The three-toed amphiuma looks rather eel-like, with an elongate, dark gray-black, or brown colored body, and tiny vestigial legs. A large salamander, one record sized individual was recorded at 41.25 in, but 18–30 in is the typical size of an average adult. They have small, lidless eyes, and gill slits. They have four tiny legs each with three toes and an average of 62 costal grooves.

== Distribution ==
The three-toed amphiuma is found in the United States, along the Gulf of Mexico states, from Alabama to Texas, and north to Missouri, Arkansas, Tennessee and Kentucky. It is often found in bottomland marshes and lakes, seeps, bayous, cypress sloughs, and streams in areas with limestone bedrock. It frequently occupies crayfish burrows and may be found in manmade ditches.

== Behavior ==
Amphiumas are nocturnal carnivores. They spend most of the time hiding in heavily vegetated areas of permanent bodies of slow moving water, such as swamps, ponds and lakes. They may venture out of the water after heavy rain.

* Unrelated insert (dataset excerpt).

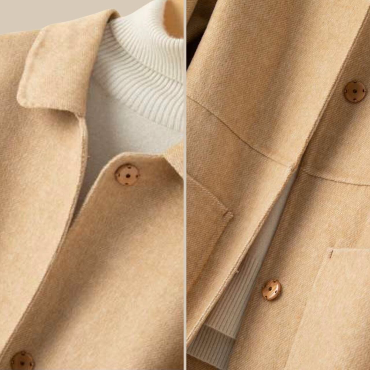 アウターとして着用する設計ですが、ウール素材に敏感な方は、インナーを合わせての着用をおすすめいたします。

Amphiumas feed on earthworms, fish, other amphibians, small reptiles, crustaceans (mainly crayfish), and other small invertebrates (such as insects and snails). Their broad diet often results in amphiumas being caught as bycatch by fishermen. They mate from December to June and subsequently nest from April to October. Unlike other amphiumas, they fertilize internally. About 200 eggs are laid in a single strand in an underwater cavity. Males have five sets of cloacal glands, with the posterior set being different in its morphology and histology. Multiple cloacas may contribute to the ability of males to court and mate with many females in quick succession, as multiple spermatophores can be produced simultaneously. This allows males to avoid wasting extra energy producing another spermatophore after each mating session, and consequently creates a polygynous dynamic between the individuals.

== Biology ==
The three-toed amphiuma has the largest recorded red blood cells of any animal measuring 70x40 μm.

==Predation==
Mud snakes, cottonmouths and king snakes are predators of Amphiuma tridactylum.